I’ll walk you through on how to position size your trades and how many shares to buy.

So that you can follow the risk management that I’ve set earlier.

How to Position Size Your Trades

Recall:

You’re buying 20 equal positions of stock.

Let's say you’re going to buy FIVN:

And let's say you want to buy shares such that it’s 5% of your $100,000 portfolio value.

How do you do that?

You can do it in an Excel Spreadsheet I’ve prepared for you:

You can get it in the Resources Section.

Let's say your capital is $100,000.

Your risk is 5%.

The next thing you need to know is the Buy Price.

You can get your Buy Price by looking at the Asking Price, which is $54.50

For the stop loss level, leave this as zero.

Because you’ll manually exit the trade when it closes below 10% from the highs.

What you want to do is to buy $5,000.00 worth of FIVN at this point in time.

According to the numbers you’ve put in the Excel spreadsheet, you can buy 91.7 shares of FIVN.

If you multiply 91.7 by $54.5, you get $4959.60.

This is the total value of this stock that you're buying.

Since you cannot buy fractional shares here, let's just buy 91 shares of FIVN.
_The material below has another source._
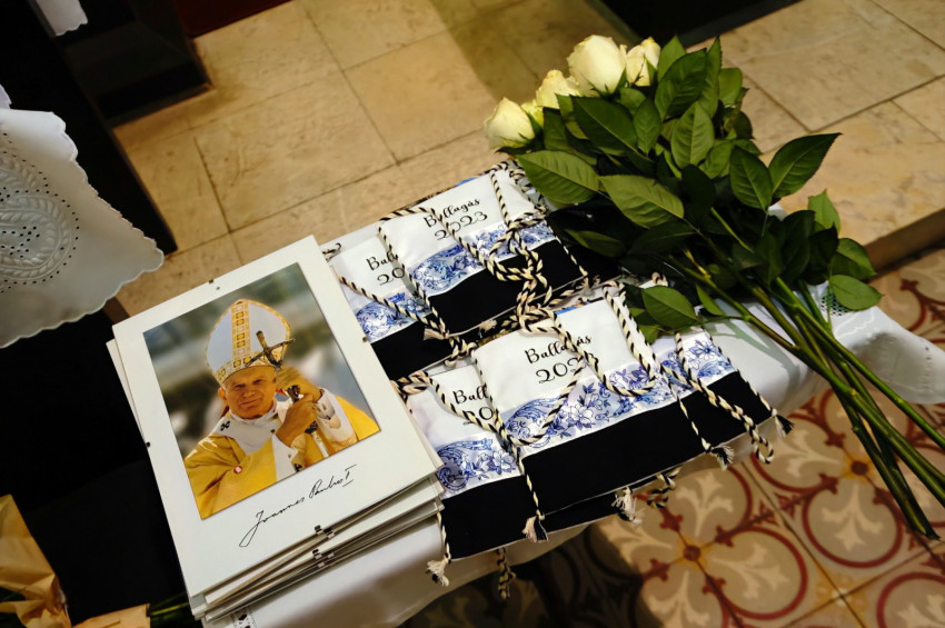 A ballagótarisznyákat Köbli Tamás, a szakkollégium spirituálisa áldotta meg. A ballagók lakótársai pedig személyes hangvételű búcsúleveleiket olvasták fel.

How to Execute Trades on the Thinkorswim Platform

Now, go back to the Thinkorswim platform and change the quantity to 91 with an entry price of $54.50 on FIVN:

Click confirm and send:

The platform will pop out another box to confirm whether you want to buy.

This is how you do it for the Power Stock Trading System.

Here’s another example:

Let's say you also need to buy COKE.

COKE’s asking price is currently $230.

So, place the value into the spreadsheet over here:

And it’ll show that you can only buy 21 shares of COKE.

Now…

Go back to the Thinkorswim platform and select the COKE symbol and hit Buy:

Change the quantity and price:

You’ll press “confirm and send”

Next…

How To Manage Your Existing Positions

Here’s the idea:

  • Identify the highest price of each stock after your entry
  • Insert the highest price into Excel spreadsheet to get trailing stop loss value
  • Check over the weekends if the price has closed below trailing stop loss
  • If price closed below – exit the stock on Monday
  • If price didn’t close below – hold onto the stock
  • But if Russell 3000 is below 40-week Moving Average – you’ll exit everything

I've got the spreadsheet for you in the Resources Section.

Don’t worry.

I’ll walk you through…

You have 20 stocks, stocks ‘A’ to ‘I’ and so on:

You want to identify what is the highest price of the stock after your entry.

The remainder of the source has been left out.